In this first section, we studied the daily downloads of CRAN R-packages from 2012-10-01 to 2021-06-07. The data was obtained from the cranlogs
package(Csárdi 2019), which includes a summary of the download logs from the RStudio CRAN mirror. The daily download data for CRAN R-packages are available from 1st October 2012. Examination of this data showed two unusual observations in 2014 and 2018 as shown in Figure 5.1. The one happening in 2014 was on 2014-11-17, which was Monday, while the other one happening in 2018 was on 2018-10-21, which was on Sunday.

Figure 5.1: Unusual download spikes on 2014 and 2018.
Then let’s have a closer look into these two spikes. First, we focused on the spike on 2014-11-17. From Table 5.1, we could see that the downloads of top downloaded R-packages on this day differs little, so it’s not due to certain package.
package | n |
---|---|
BayHaz | 767035 |
clhs | 660298 |
GPseq | 394840 |
OPI | 382518 |
YaleToolkit | 370513 |
survsim | 224994 |
BAT | 40592 |
Rcpp | 3509 |
ggplot2 | 3167 |
plyr | 3150 |
Table 5.2 shows the downloads from different countries. It is obvious that downloads from Indonesia is much more than any others, which indicates the most downloads are from Indonesia.
country | n |
---|---|
ID | 2863576 |
US | 96336 |
CN | 32729 |
DE | 14548 |
FR | 11860 |
GB | 10491 |
IN | 8635 |
HK | 8090 |
BE | 7720 |
KR | 6794 |
Furthermore, we also checked the IP address in Table 5.3, downloads from ip3758
is much higher than others. So, it seems that most of the downloads are owing to one certain IP.
ip_id | n |
---|---|
3758 | 2863432 |
11536 | 6244 |
11725 | 5992 |
16385 | 5991 |
534 | 5986 |
3784 | 5983 |
18519 | 4511 |
80 | 2124 |
27 | 1892 |
464 | 1375 |
Next, let’s turn to the one in 2018. Table 5.4 shows the downloads from tidyverse is much higher than others with nearly three orders of magnitude.
package | n |
---|---|
tidyverse | 11692582 |
Rcpp | 16263 |
stringi | 13981 |
rlang | 13796 |
ggplot2 | 13306 |
dplyr | 13081 |
glue | 12593 |
digest | 12302 |
stringr | 11505 |
fansi | 11275 |
As for the country, from Table 5.5 we could know that US is much higher than any other country.
country | n |
---|---|
US | 12140853 |
NA | 179847 |
GB | 76624 |
IN | 51502 |
CN | 46095 |
TR | 36590 |
AU | 35078 |
DE | 32837 |
CA | 31125 |
KR | 30469 |
Finally, the most interesting finding is in IP address displayed in Table 5.6. Several consecutive IPs have highly distinguished downloads. It seems that they are from same person, or it is also probably a server test issue in the same short period of time.
ip_id | n |
---|---|
266 | 3034720 |
263 | 2457383 |
655 | 2099321 |
264 | 1557640 |
267 | 1406876 |
265 | 1032535 |
2 | 179711 |
268 | 99932 |
112 | 34397 |
3296 | 17223 |
To sum up, we found that these two unusual spikes have one thing in common, that is, most of the downloads came from a specific country. The difference is that in 2014, a large number of downloads came from several different R-packages, while in 2018, they came from only one package tidyverse
. In addition, in 2014, a large number of downloads came from one IP, while in 2018, they came from several consecutive IPs, At this point, we guess it should come from the same person, and it is likely to be sever test issue, for it may be not necessary or reasonable for an individual to generate such a large quantities of downloads in one day.
Finding 2: There is an increasing number of downloads over time. This likely attests to the growing number of R users.
Figure 5.2 shows the download trend of all R-packages on CRAN over time after fixing the unusual spikes. It shows an upward trend over time, and the variance also increases with the download count, which means the volatility of the data is increasing.
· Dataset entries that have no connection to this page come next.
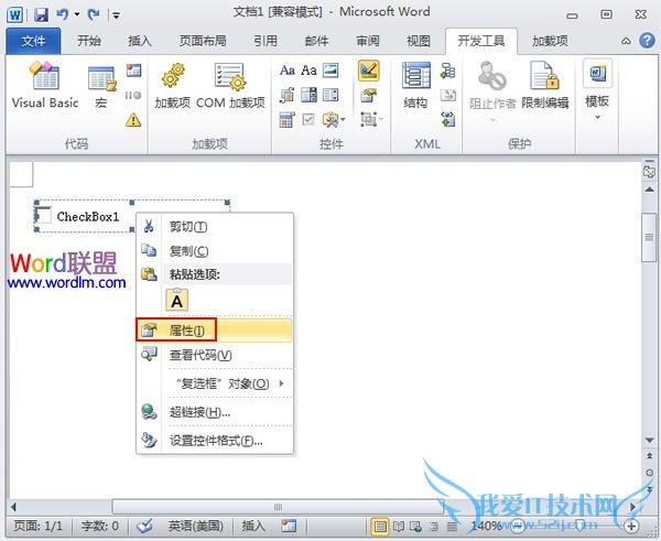 欢迎您访问我爱IT技术网,今天小编为你分享的电脑教程是office系列之word2010教程:【在Word2010中制作打钩控件框【Word2010教程】】,下面是详细的分享!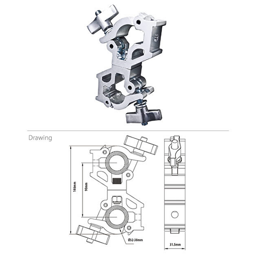 KUPO Nugget Swivel Coupler (KCP-862) is a lightweight and low profile professional coupler, constructed from high tensile aluminum extrusion. Working load limit is up to 120kgs. Nugget Coupler is designed to fit tubes with diameters between 32mm-38mm. For quick and easy interconnection for truss, pipes or bars.It has double level's counter sunk for M10 or 3/8" hex head. Unique windows for safety wire access through. Hook struct of top opening section limits the open pace that offers assistance to rig. A captive on top of thread bolt to avoid wing nut falling off the clamp. TUV certified, and ideal for TV studio or theater.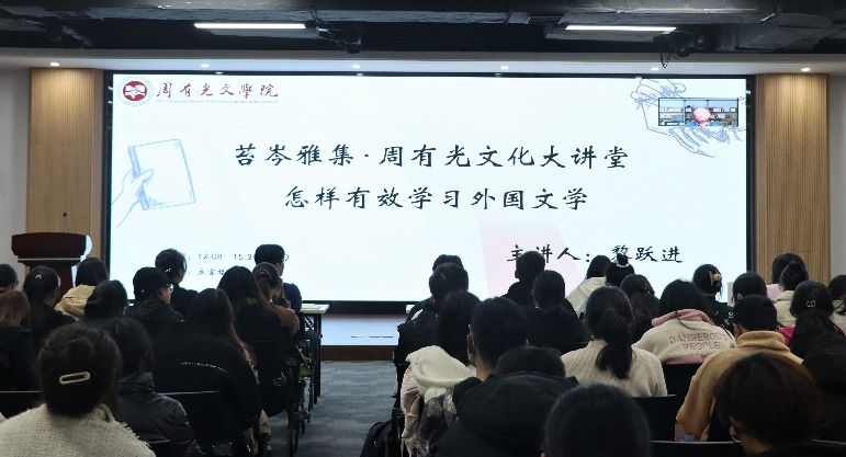 讲座中,黎跃进教授首先从东西方人文学科发展的整体层面,系统回顾与厘清了“有效学习”和“外国文学”的基本内涵与意义。随后,黎教授结合其多年外国文学教学与研究的经验和心得,从“阅读经典、把握细节”“勤动脑和手、问题式学习”“捕捉特点、突出个性”“知人论世、深入理解”和“理清主线、提纲挈领”五个方面,系统深入、生动具体地为大家分享了外国文学学习与研究的重要价值与有效途径。黎教授强调,“外国文学”作为汉语言文学专业的核心基础课程之一,具有鲜明的文化异质特征;通过研习世界文学及其经典,有助于我们更好地理解中国文学,形成对中国文学审美传统的真正自觉。
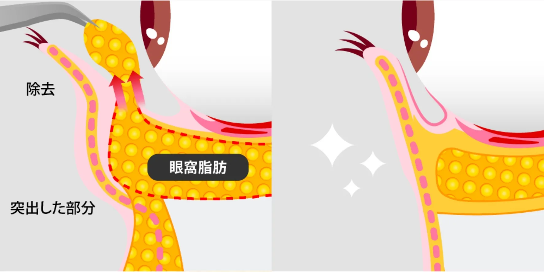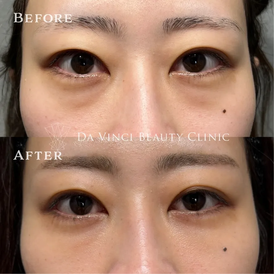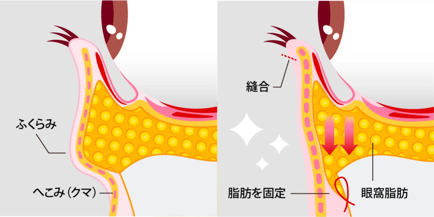 目の下の膨らみと凹みを同時に解消するため、下まぶたの裏側に小さな切開を加え、余分な眼窩脂肪を適切な位置へ移動させ、目の下を平らに整えます。この施術により、目元の凹凸が改善され、若々しく明るい印象へと導きます。
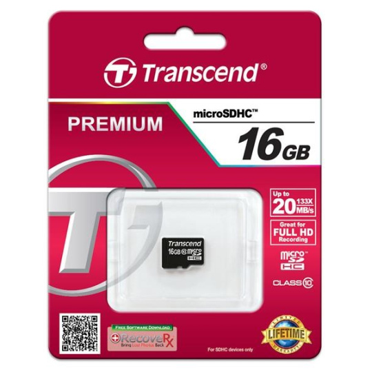 TRANSCEND MicroSDHC karta 16GB Class 10, bez adaptéru
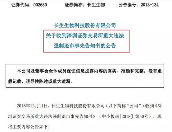 2018年12月11日,长生生物公告称,公司收到《深圳证券交易所重大违法强制退市事先告知书》(中小板函[2018]第50号)(下文简称事先告知书)。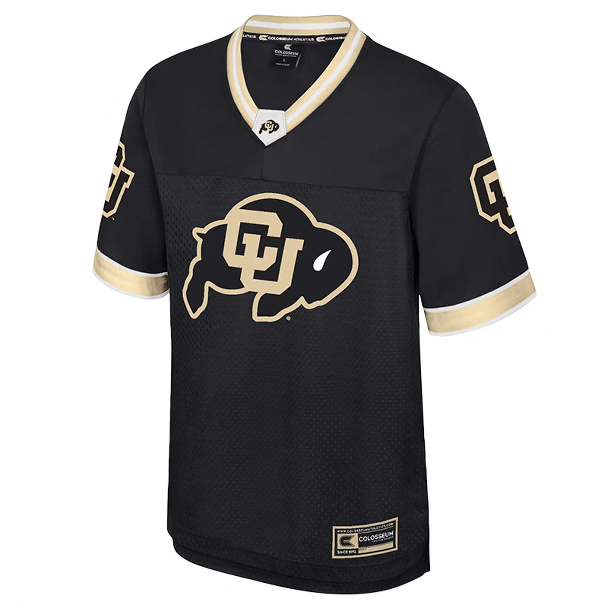Show your unwavering support for the Colorado Buffaloes with this Nothing But The Hits Football Jersey from Colosseum. With a roomy fit designed for movement and layering over a sweatshirt, this jersey is perfect for your favorite fall Saturdays or even just casual wear. The team logo and graphics printed on the chest and sleeves showcase your Colorado Buffaloes pride in bold style.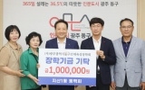[뉴스맘]광주 동구는 최근 지산1동 동백회로부터 인재 육성에 써달라며 장학금 1백만 원을 기탁받았다고 밝혔다. ‘동구에서 백세까지’라는 뜻을 담고 있는 동백회는 윤승오 지산1동 주민자치회장을 비롯해 주민과 관내 동 거주 직원 등으로 구성된 모임으로, 지역사회 발전과 주민 간 소통을 도모하고 있다. 이번 장학금은 회원들이 십시일반 회비를 모아 마련한 것으로, 동구 인재육성장학회에 전달됐다. 장택용 회장은 “작은 정성이지만 우리 지역 학생들의 밝은 미래에 보탬이 되길 바란다”고 말했다. 임택 동구청장은 “지역을 사랑하는 마음…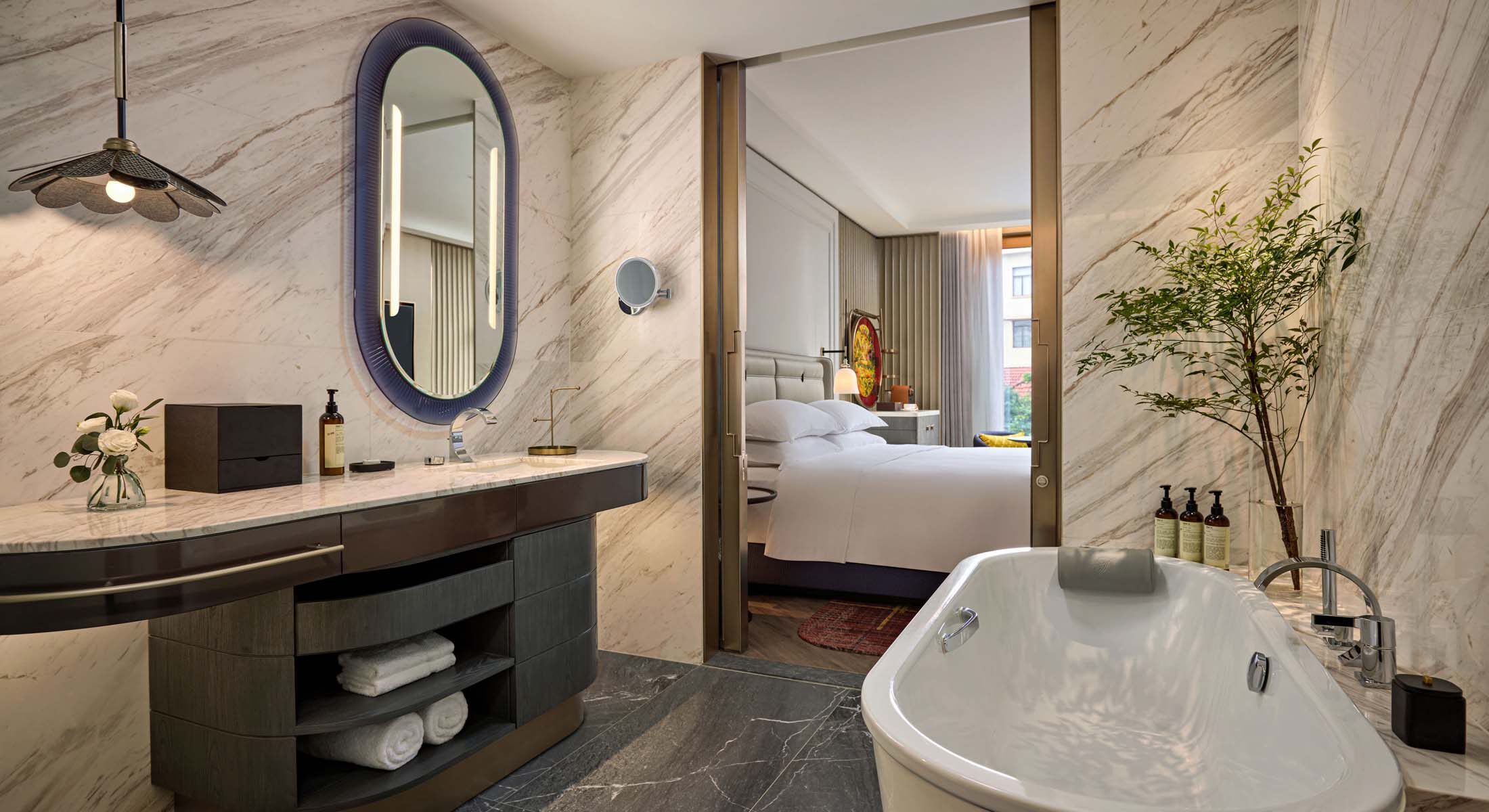 Spanning 130 m², the Signature Gold Suite offers one of Fairmont Hanoi’s most refined living experiences. A generous living room and a serene king bedroom create a quiet and inviting space shaped with warm wood accents and soft Vietnamese details. The marble bathroom features both a deep soaking tub and a separate shower for unhurried relaxation. Premium amenities include a Dyson dryer, Le Labo bath products, Nespresso coffee, an LG soundbar, IPTV, an in room mixology set, and a daily refreshed minibar. Fairmont Gold privileges elevate the stay with private lounge access, Golden Hours with cocktails and canapés, and late check out up to 15:00.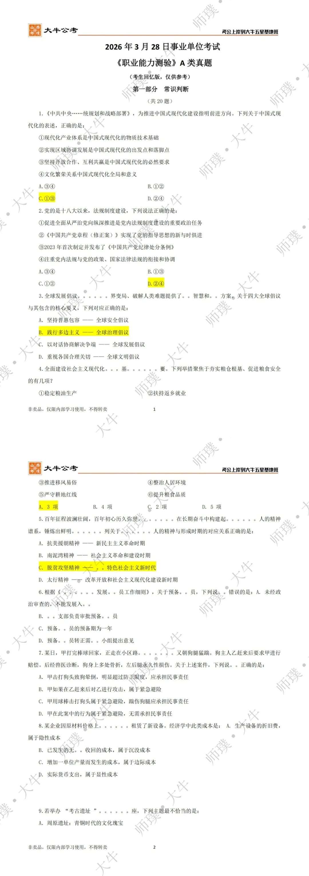 对答案!26山西联考A类笔试真题及答案(考生回忆版)出炉!
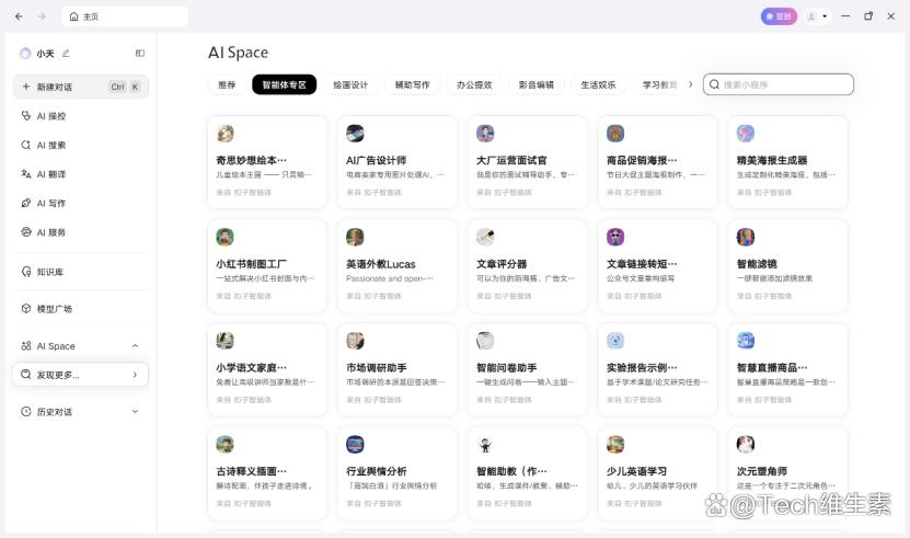 接入Coze平台后,天禧实现了成为“总服务台”的质变.用户不再需要关心某个具体功能是由哪个智能体提供的,只需在天禧的统一入口“AISpace”中选择合适的AI工具来满足需求.例如办公场景中,我们不仅可以使用已经集成在天禧中的ChatExcel整理表格,还能使用由Coze生态贡献的、更细分的办公AI,如“AI广告设计师”“精美海报生成器”等,实现按需取用.

Figure 5.2: The download trend of all R-packages on CRAN over time.
Finding 3: Weekends have a lower download than weekdays.
To have a closer look at the weekly pattern, figure 5.3 shows the daily downloads of all CRAN R-packages from the RStudio mirror with the grey areas highlighting the weekend.
To be more specific, we could know that except for 2012 and 2013, the patterns of other years are very similar, that is, they all show strong weekly seasonality. To be more detailed, in 2012, the download logs showed an overall upward trend, because more and more users began to download R-packages from CRAN after its open. In the following years, there is no obvious trend in download volume, but a strong seasonality, which indicates that in a week, the total downloads always increases first then decreases, and reaches the lowest at the weekend. Although the pattern of 2013 is more volatile, it still conforms to that. We think for 2013, that is because CRAN is only open for a short time at this time, and the amount of data downloaded is not adequate to show its download pattern very clearly. Considering this, we could see that after 2016, the pattern of each year is quite consistent, for the total download has been increasing year by year. Back to weekly seasonality, that is because people are more likely to download and use packages in weekdays, and rest on weekends. And that’s why the trough of download curve always occurs on weekends. In addition, we could also notice that the lowest downloads across the year are always at the end of December and the beginning of January, probably due to the Christmas and New Year’s holidays. What’s more, the downloads is on the rise from August to October and from February to April, which covers the start of semester for most universities.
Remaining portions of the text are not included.